The Protestant state determined every aspect of our daily lives. Everything was shut down on Sundays for example. It was the Sabbath and we were all supposed to stay home and read the bible. When I was about ten years old, my parents took me and my younger brother to visit relatives in Belfast. They lived on the Ravenshill road opposite a large park. It was a Sunday afternoon and bored by the adult conversation, we decided to go out to play. However, when we got to the park gates we found to our confusion and disappointment, that they had large chains and a padlock on them. You were not allowed to enjoy yourself on Sunday. Of course, Catholic/nationalists played Gaelic games on Sundays and made their own enjoyment despite all shops and public houses being closed.
That was the nature of the Northern Ireland that I was born into. A place that was created with an artificial Protestant/unionist majority. Where the electoral system was rigged to maintain Protestant/unionist rule. All state schools were Protestant only and so the Catholic church set up its own schools and so from day one, schools were segregated according to religion.

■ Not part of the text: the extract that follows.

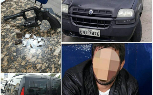 A guarnição conseguiu deter o indivíduo que estava com cocaína dentro do veículo. Em sua residência os policiais encontraram maconha, cocaína e um revolver calibre 38.

Even up to the present day, over ninety percent of schools in the six counties remain segregated. In addition to the armed RUC, there was an ‘Orange’ militia, the ’B’ specials armed with rifles and sten guns. I was stopped by these men when riding my bicycle along the road as a child. They asked me my name, where I was going to and coming from. As well as all this, there was also a garrison of British army troops stationed there from the formation of the state.
In the 1950’s and 60’s, unemployment was extremely high across the province. In some places it was almost forty percent. Most of the jobs were in shirt and carpet factories that employed mostly women. Generations of men never worked, they raised the kids and kept house while their wives went out to work. Poverty and discrimination were rife and most young people left for foreign parts as soon as they were able.
Like many others before me, I took the boat for England in 1966 just before the trouble started. I began work as a nurse in the NHS and only ever went back home for holidays. I was always astonished at the lack of knowledge of many British people about Ireland. I discovered that most people in Britain had no idea about Irish geography or politics, they would ask me where I was from and when I said County Down, they would say “Is that north or south”? People would ask me what was going on ‘over there’ and when I tried to explain it to them, they would get upset. I was also puzzled when they would say, “two things you shouldn’t talk about in pubs, are politics and religion”. Where else does the working man and woman gather to discuss those things? They were in fact self-censoring, agreeing to never talk about them at all, hence the level of ignorance.
This book is an attempt to give the general reader a picture of the history of Ireland and Britain that has led us to the current position and hopefully makes the argument that Britain has no right to remain in any part of Ireland.
The tactics Britain used to keep control over Ireland were always unacceptable. The running of death squads during the 1970’s is now well established and in the modern world the Irish people have the right to have the country reunited and take its rightful place among the nations of the world.